I’m Not Worthy
There are a lot of people online who like to appear like they got it all together. That’s not honest. Nobody on this earth has it all together. The minute you think you're the exception then you probably suffer from pride. God hates pride and will humble those who don’t humble themselves. This is why we must keep in repentance and rely on God to lead us.
Truth is I rebelled against this knowledge. Of course, we can all get derailed from time to time. That’s why it’s important to stay in the bible and be able to recognize if you’re being led astray. So, how did my heart deceive me? By allowing me to forget who changed my life. Jesus, is the author of my faith, not me. I started to work things out on my own. In my own understanding. In my own strength. Like I could ever possibly have the ability to do enough good to be worthy before God.

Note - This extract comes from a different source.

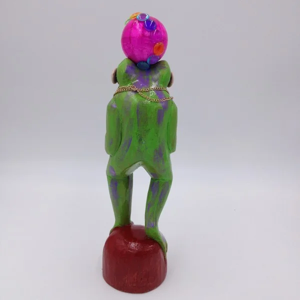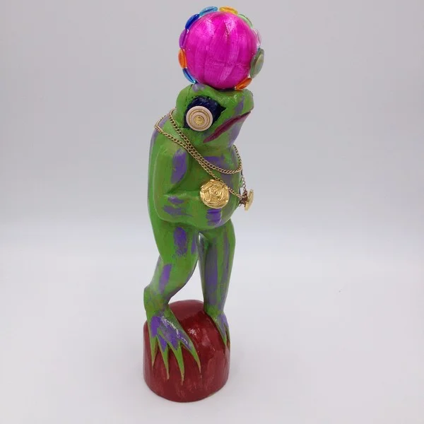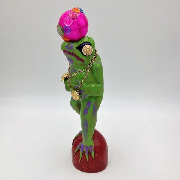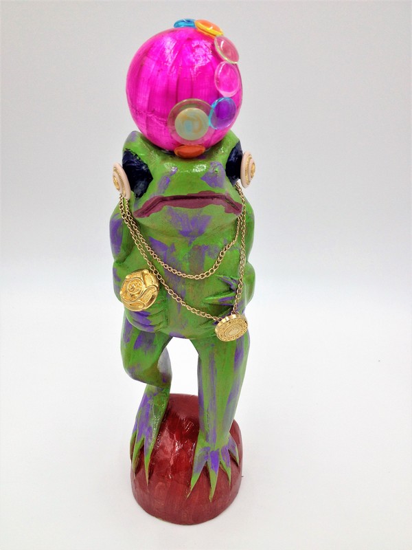 The Queen Froggy was born from my desire to give new life to materials destined for the landfill. I wanted to create a figure that is both ironic and regal: a frog in an almost human posture, painted in vivid colors and crowned with a bright pink sphere decorated with colorful plastic gems. The golden chains and metallic buttons symbolically represent luxury, wealth, and appearance — elements that often define power in our consumerist world.

Thinking I knew what’s best only pierced me with pain. Yet, that pain was good because it reminded me I was found and saved from the pain of sin and shame. Knowing that if I was enough to cover my own sin, then I wouldn’t need Jesus’ sacrifice on the cross. But I’m not enough! I’m guilty before God without adequate payment. Jesus alone is enough. He is worthy. In humility, I confess my sin is pride. I admit that I’m actually just as desperate today as the moment I met the Savior. Paul expresses the danger in allowing this to happen when writing to the Corinth church. He says, “I am afraid that as the serpent deceived Eve by his cunning, your thoughts will be led astray from a sincere and pure devotion to Christ.” (2 Corinthians 11:3) Oh, forgive me God, I don’t know best and I need you. You lead me and I will follow you. Help me trust you.
The only reason I’m able to have freedom from the shame of my sins (including pride) and rest from the difficulties of life is God’s steadfast love and faithfulness to me. It’s His mercy above all and not because I’m worthy. None of us are. Only Jesus.